### GOAL OF THE EXERCISE
Your copy should begin with the line containing "Add a touch", end with the line containing "同时,文班也是NBA2K26中唯一一个在盖帽达到这个值的球员。", match the listing below exactly, and contain no pictures.

### SOURCE DATA
▼
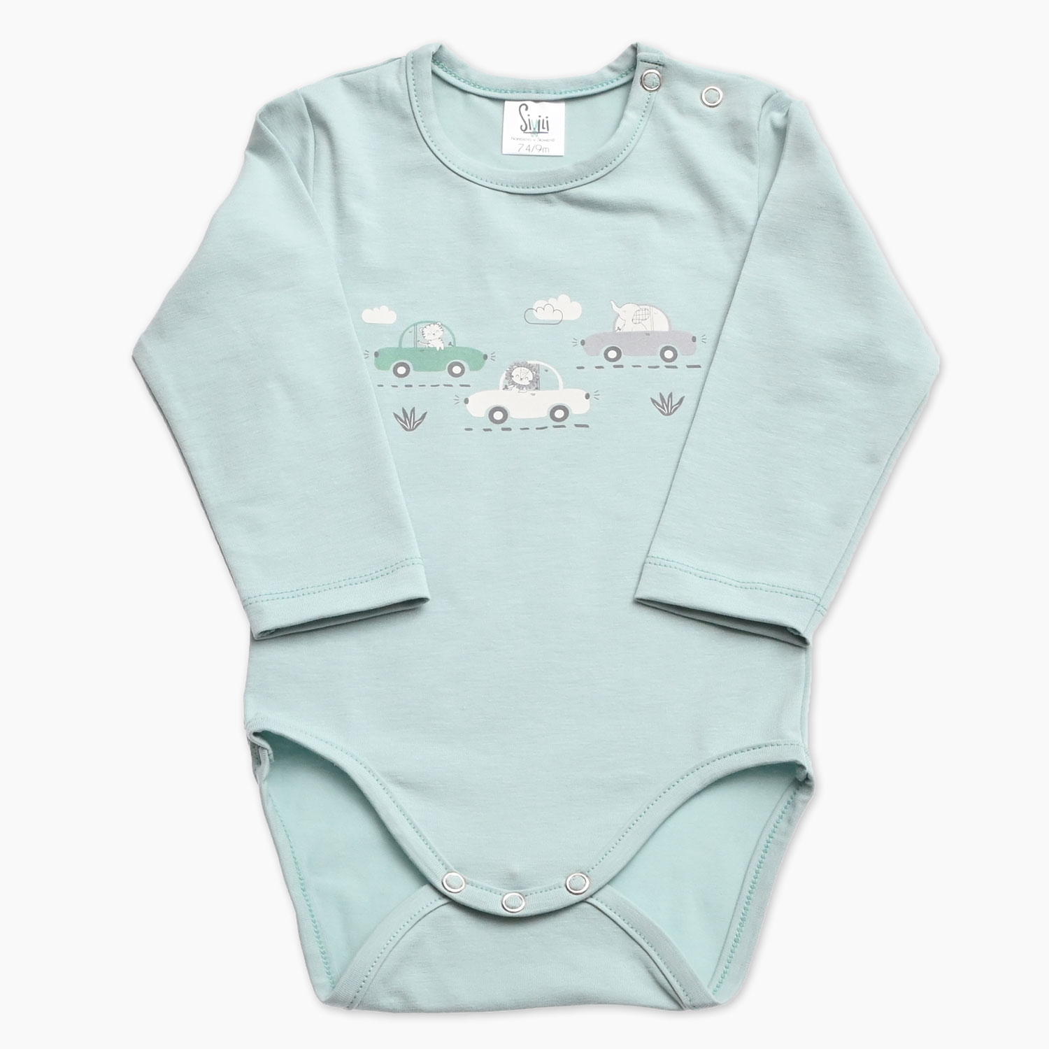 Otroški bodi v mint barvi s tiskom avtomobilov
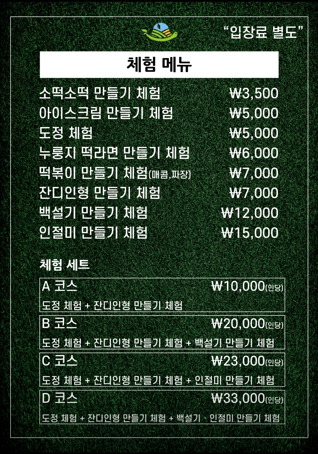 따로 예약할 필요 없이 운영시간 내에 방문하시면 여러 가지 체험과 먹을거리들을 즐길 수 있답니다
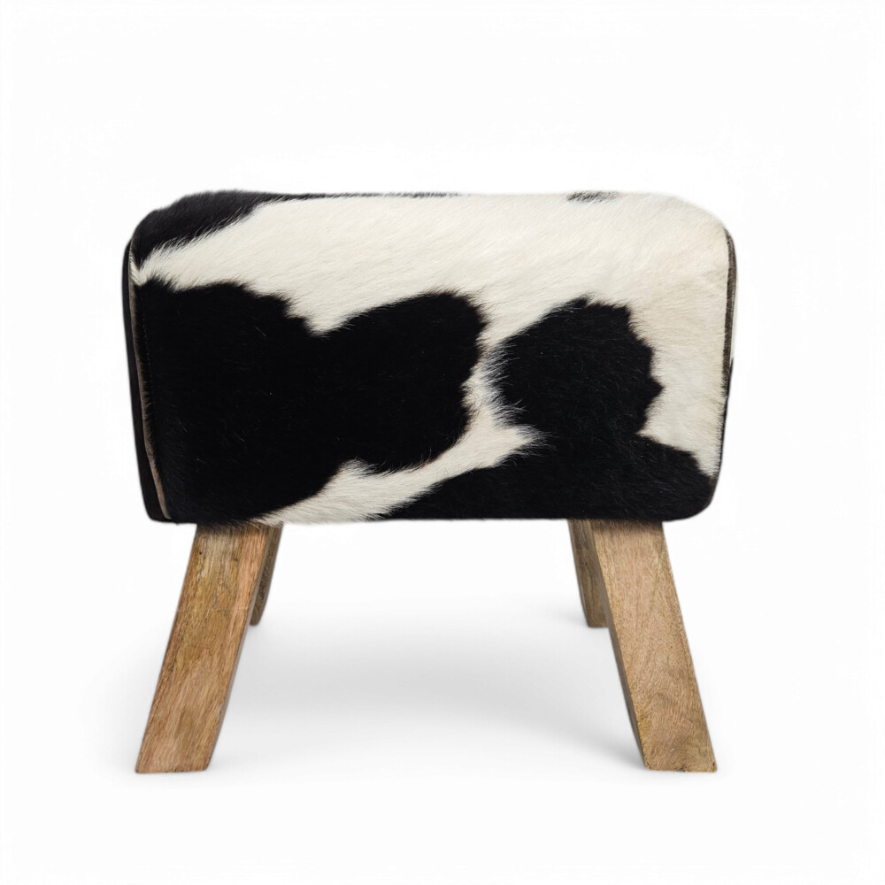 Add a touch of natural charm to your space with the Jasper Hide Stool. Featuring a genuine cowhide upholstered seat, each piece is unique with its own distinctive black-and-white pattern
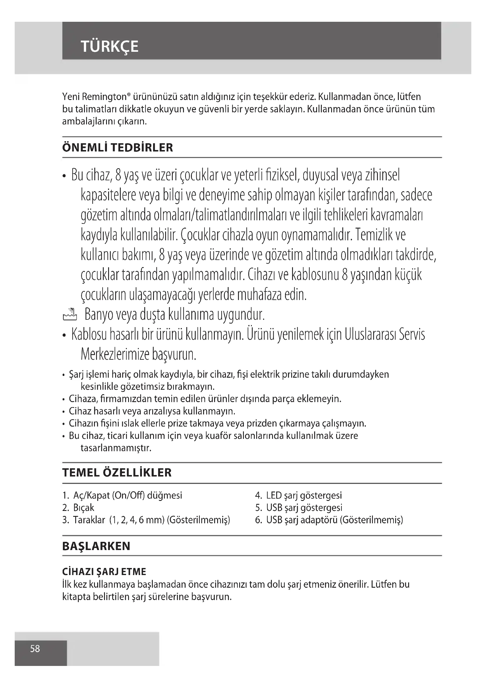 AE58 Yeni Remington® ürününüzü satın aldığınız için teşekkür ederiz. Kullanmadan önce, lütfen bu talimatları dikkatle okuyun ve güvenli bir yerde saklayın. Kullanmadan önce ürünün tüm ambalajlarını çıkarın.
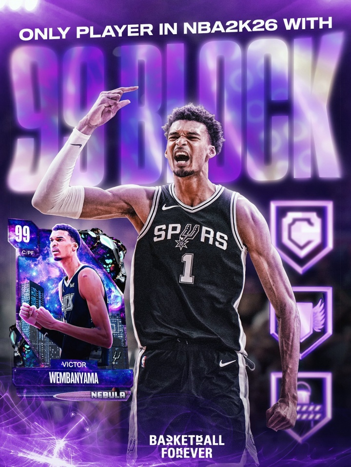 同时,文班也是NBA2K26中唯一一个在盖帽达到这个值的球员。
▲
▼
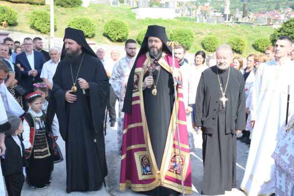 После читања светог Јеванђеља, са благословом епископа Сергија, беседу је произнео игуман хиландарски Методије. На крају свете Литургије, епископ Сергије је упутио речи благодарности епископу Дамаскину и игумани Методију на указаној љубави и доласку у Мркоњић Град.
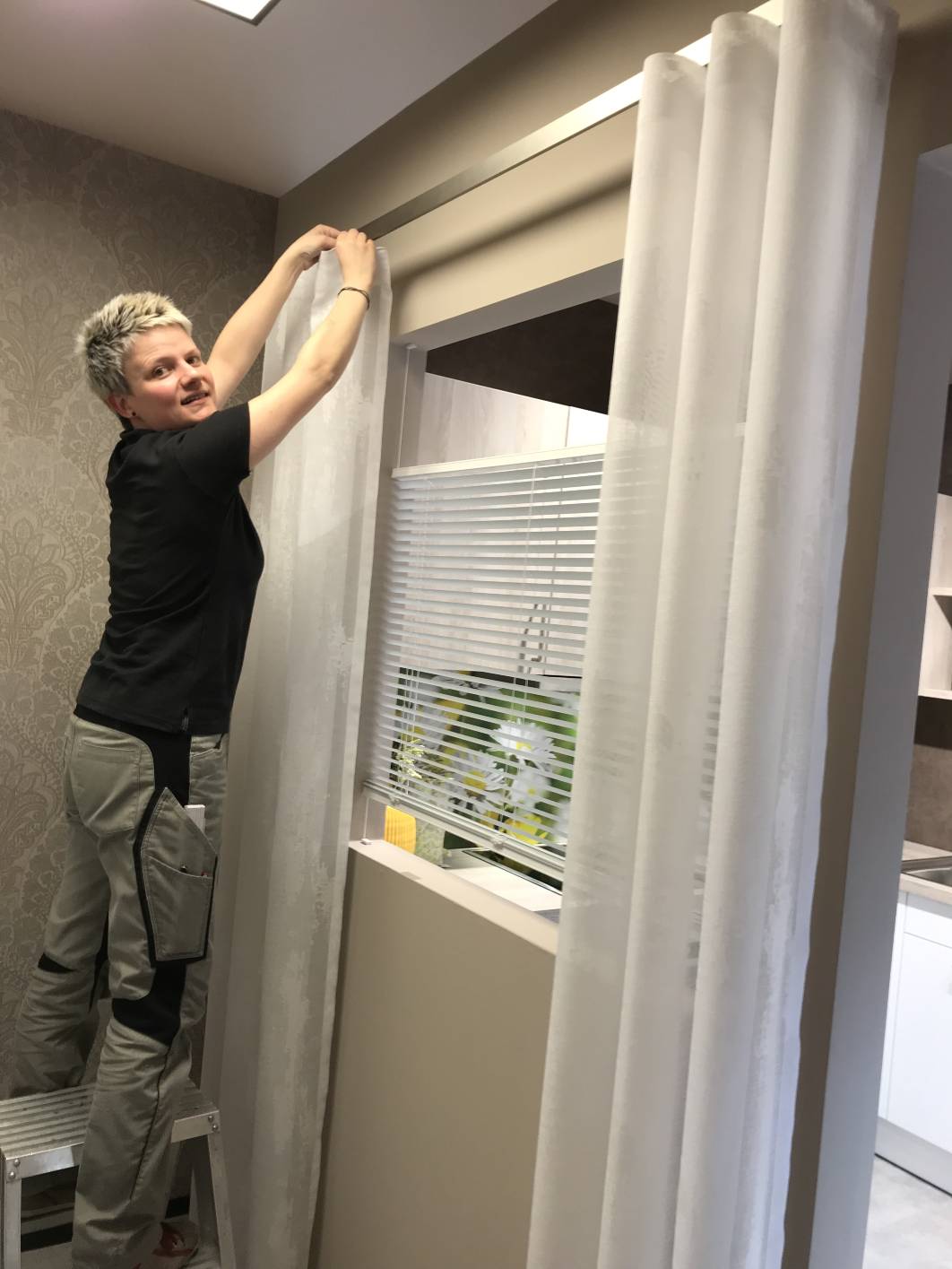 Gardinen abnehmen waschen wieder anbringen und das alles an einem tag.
▲
### RESPONSE TO THE TASK
 Add a touch of natural charm to your space with the Jasper Hide Stool. Featuring a genuine cowhide upholstered seat, each piece is unique with its own distinctive black-and-white pattern
 AE58 Yeni Remington® ürününüzü satın aldığınız için teşekkür ederiz. Kullanmadan önce, lütfen bu talimatları dikkatle okuyun ve güvenli bir yerde saklayın. Kullanmadan önce ürünün tüm ambalajlarını çıkarın.
 同时,文班也是NBA2K26中唯一一个在盖帽达到这个值的球员。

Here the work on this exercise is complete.